The clearest illustration of the difference between NULL and a value like 0 or "" can be found in the yearly_income. If you wanted to get the average income of the folks in the people table, you might want to exclude people who aren't eligible to receive an income, e.g. a child. Technically, such a person "makes" an income equivalent to $0. But how would differentiate between such a person (in the example table above, Zach Butler Jr.) and someone else who is expected to have an income but still earned $0? (e.g. Charles R. Thompson III)?

If the yearly_income field is set to be a numeric-type of column, then we can't just add a "NONE" for Butler Jr. However, we can set his yearly_income to NULL, to differentiate his situation from someone who makes 0.

So a query to find all people who earned 0 income would look like this:

SELECT * FROM people
  WHERE yearly_income = 0

However, the syntax for finding NULL states does not use the equals operator. To find all people with a NULL income:

  SELECT * FROM people
    WHERE yearly_income IS NULL

To find the inverse of that, i.e. people who are eligible to make an income:

  SELECT * FROM people
    WHERE yearly_income IS NOT NULL

User-defined nothingness

In the example people table, look at the possible values for suffix:

first name middle_name last_name suffix yearly_income
Sara C Smith   75000
Nick R Johnson NULL 60000
Zach NULL Butler Jr. NULL

To reiterate: just as 0 is not equivalent to NULL – an empty string, i.e. "" – is also not equivalent to NULL.

So here's where confusion often arises in data: what does NULL and a blank value mean to the maintainer of the data? In the yearly_income case, I posited an explanation: a NULL state means that a person is ineligible to receive an income. However, that's just speculation: it could be that NULL means, "The collector of this data never got around to finding this value".

For suffix, a NULL state could mean just that: "We haven't asked Nick R. Johnson if he is a Jr. or a Sr." And the blank value for Sara C. Smith could mean, "Sara C. Smith does not have a suffix". Or I could have the meanings switched up here.

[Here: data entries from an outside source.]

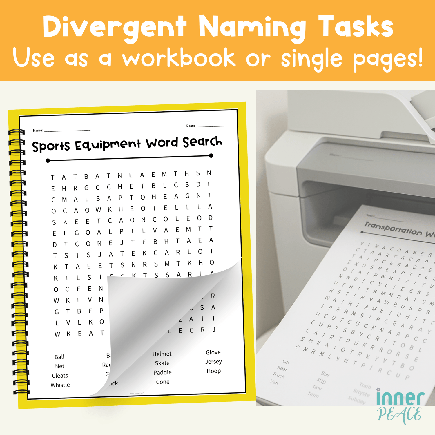 Make language learning fun with these engaging Divergent Naming Word Searches! Each themed puzzle helps students build vocabulary, strengthen category knowledge, and practice divergent naming skills through a hands-on word search activity.
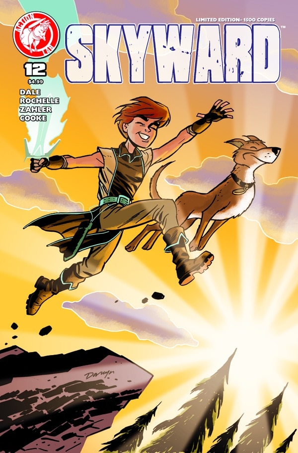 Celebrating its first full year, SKYWARD is thrust into new lands with new peoples, creatures…and distractions? In the midst of a changing land, our heroes find that the Battle of Three Rivers was only the beginning of a brand new conflict! This issue also features a LIMITED Edition variant cover (1500 copies) by DARWYN COOKE (Parker, DC’s New Frontier)!
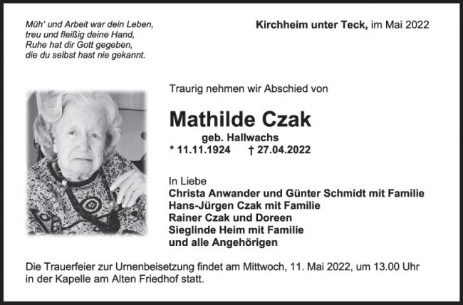 TodesanzeigeVon Benny Kuder11. Mai 2022Kommentar hinterlassen
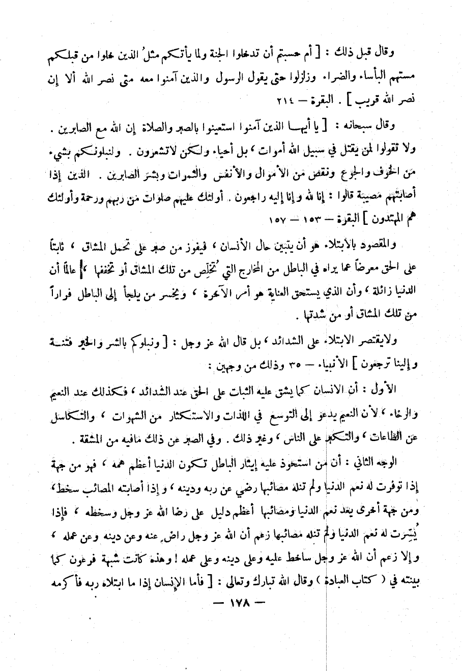 وقال سبحانه: [يَا أَيُّهَا الَّذِينَ آمَنُوا اسْتَعِينُوا بِالصَّبْرِ وَالصَّلاةِ إِنَّ اللَّهَ مَعَ الصَّابِرِينَ وَلا تَقُولُوا لِمَنْ يُقْتَلُ فِي سَبِيلِ اللَّهِ أَمْوَاتٌ بَلْ أَحْيَاءٌ وَلَكِنْ لا تَشْعُرُونَ. وَلَنَبْلُوَنَّكُمْ بِشَيْءٍ مِنَ الْخَوْفِ وَالْجُوعِ وَنَقْصٍ مِنَ الْأَمْوَالِ وَالْأَنْفُسِ وَالثَّمَرَاتِ وَبَشِّرِ الصَّابِرِينَ. الَّذِينَ إِذَا أَصَابَتْهُمْ مُصِيبَةٌ قَالُوا إِنَّا لِلَّهِ وَإِنَّا إِلَيْهِ رَاجِعُونَ. أُولَئِكَ عَلَيْهِمْ صَلَوَاتٌ مِنْ رَبِّهِمْ وَرَحْمَةٌ وَأُولَئِكَ هُمُ الْمُهْتَدُونَ] البقرة: 153 - 157
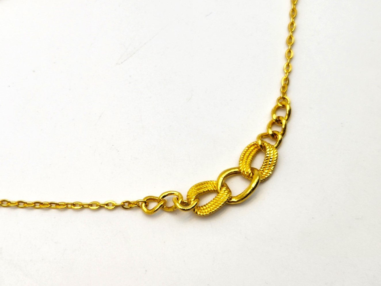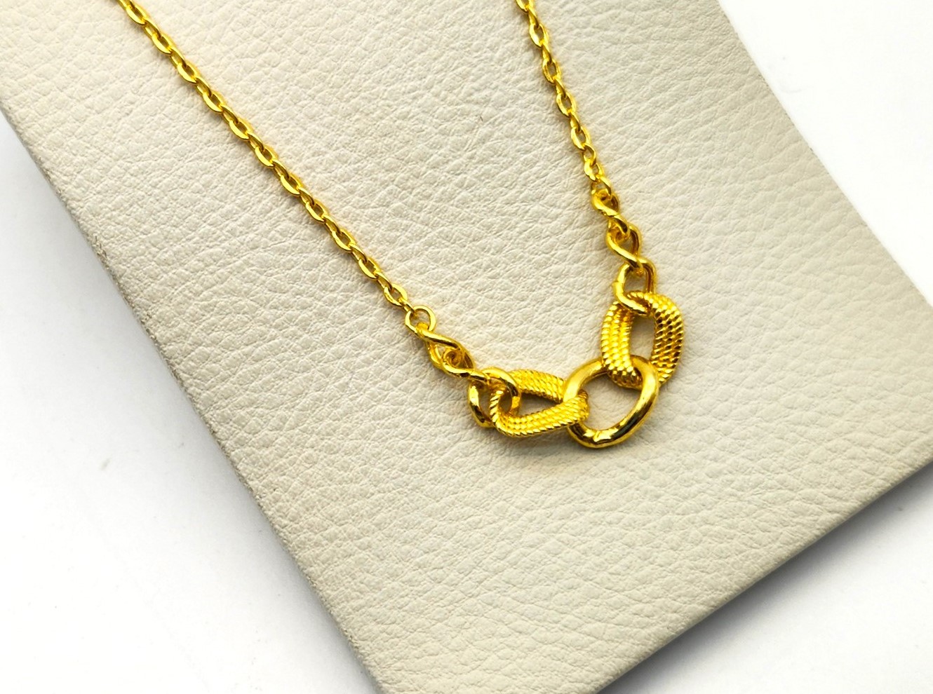 일체형 펜던트까지 떨어지는 디자인의 순금 목걸이입니다. 보통 목걸이의 경우 포커스가 펜던트 장식으로 초점이 맞추어지는데 오늘 준비한 제품의 경우 자연스럽게 이어지는 디자인이라서 그런지 목걸이 전체적으로 눈길이 가는 제품이에요

The point is, from a semantic standpoint, you might not know the difference between NULL and "" and 0. And to find the difference, you may have to tab-out of your database GUI and make a phone call or visit to the data's originating office.

If you happen to be a creator of data, being aware of NULL and blank values may be important, especially if you're starting data collection from a spreadsheet or text file, and then importing into a database. Sometimes the import process may interpret a blank value as NULL; other times, just as an actual blank value or 0. And spreadsheets typically don't have a native way of designating a NULL state.

The Wikipedia entry on NULL in SQL has a nice summary of the controversy among programmers:

Null has been the focus of controversy and a source of debate because of its associated three-valued logic (3VL), special requirements for its use in SQL joins, and the special handling required by aggregate functions and SQL grouping operators…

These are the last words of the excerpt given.